One big thing that needs addressing as it lurches to its sugary finale is the fact that there’s a guy in a dress — again. “Mrs. Doubtfire” comes on the high heels of another guy-in-drag comedy adaptation of “Tootsie,” which closed just before the pandemic and took heat from some quarters for being transphobic.

Both stories involve cisgender men donning dresses and becoming better versions of themselves by hiding in plain sight as women. “I have been seeing things from a different perspective,” our hero says to his ex.

With “Mrs. Doubtfire,” McClure’s character, who has swiped the fear of erasure from so many, is more like a spy, hoping to connect with his kids. He doesn’t cause much harm, but it’s still deception in drag and the dialogue engages in gender in only the most superficial ways, never saying anything about queer identity or marginalization. It’s denuded, too scared to seize the opportunity.
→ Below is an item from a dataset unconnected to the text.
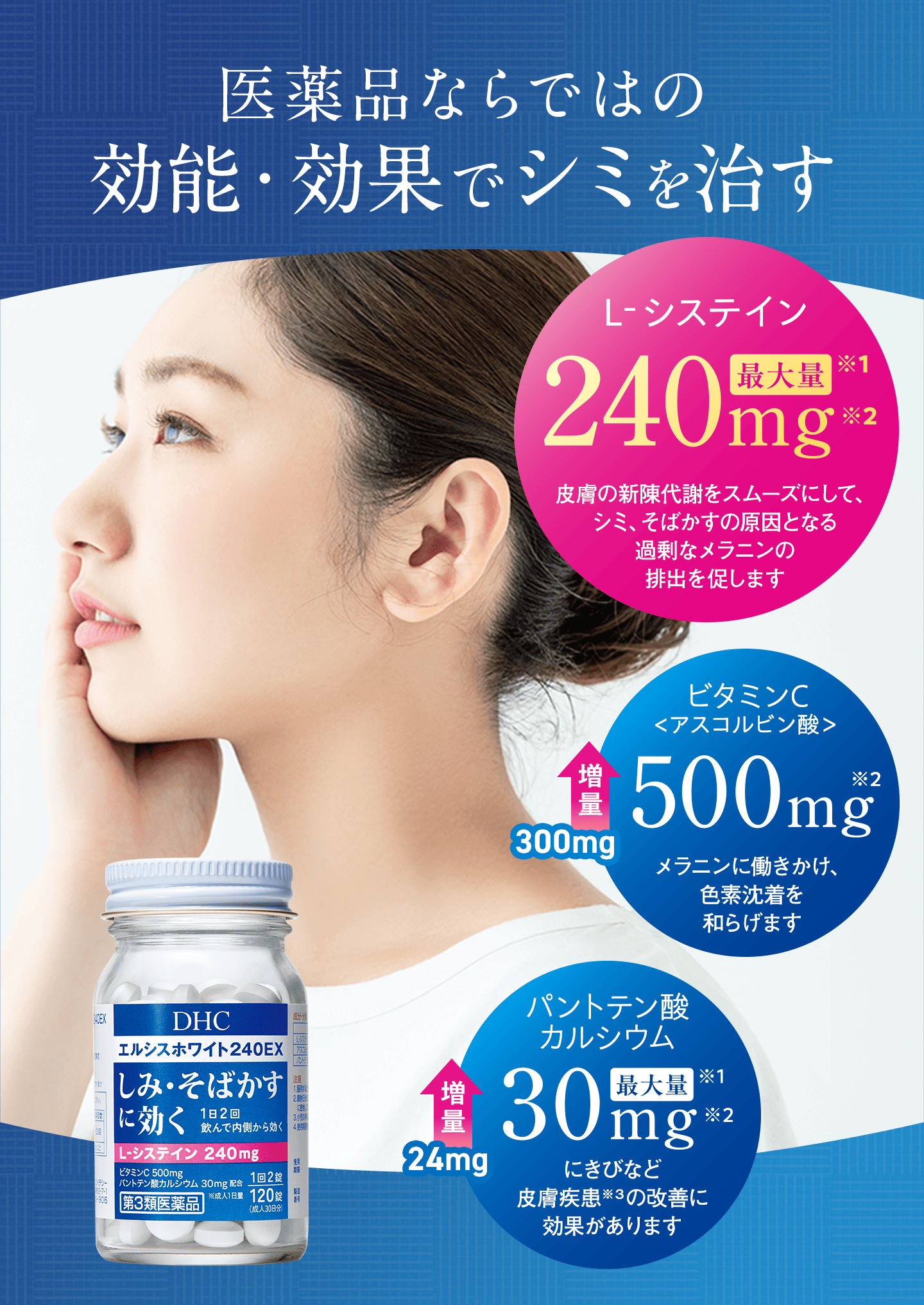 さらに、色素沈着を防ぐビタミンCと、ビタミンCのはたらきを助けるパントテン酸カルシウムが、L-システインとともに、しみ・そばかす・日やけなどの症状を改善します。

There are worrying signs the makers of “Mrs. Doubtfire” haven’t really learned to see things from a different perspective. They think audiences will find a guy in a frumpy dress as surprising and funny as it apparently was when the “X-Files” first aired. And the song “Make Me a Woman,” sung by a stereotypical, over-the-top gay couple, makes an appalling differentiation between hot women — Cher, Lady Diana, Jackie Onassis and Grace Kelly — and non-hot ones — Margaret Thatcher, Janet Reno, Julia Child and Eleanor Roosevelt.

We have hopefully moved on from that. Even the title of the show sounds anachronistic: In a world where the performers in the Playbill announce their preferred pronouns, “Mrs.” is the first word in the new musical’s title, an immediate sign it belongs to a different time. “Is it too late for me to change?” sings the lead character. Yes, sir, it is. Now please take off that dress.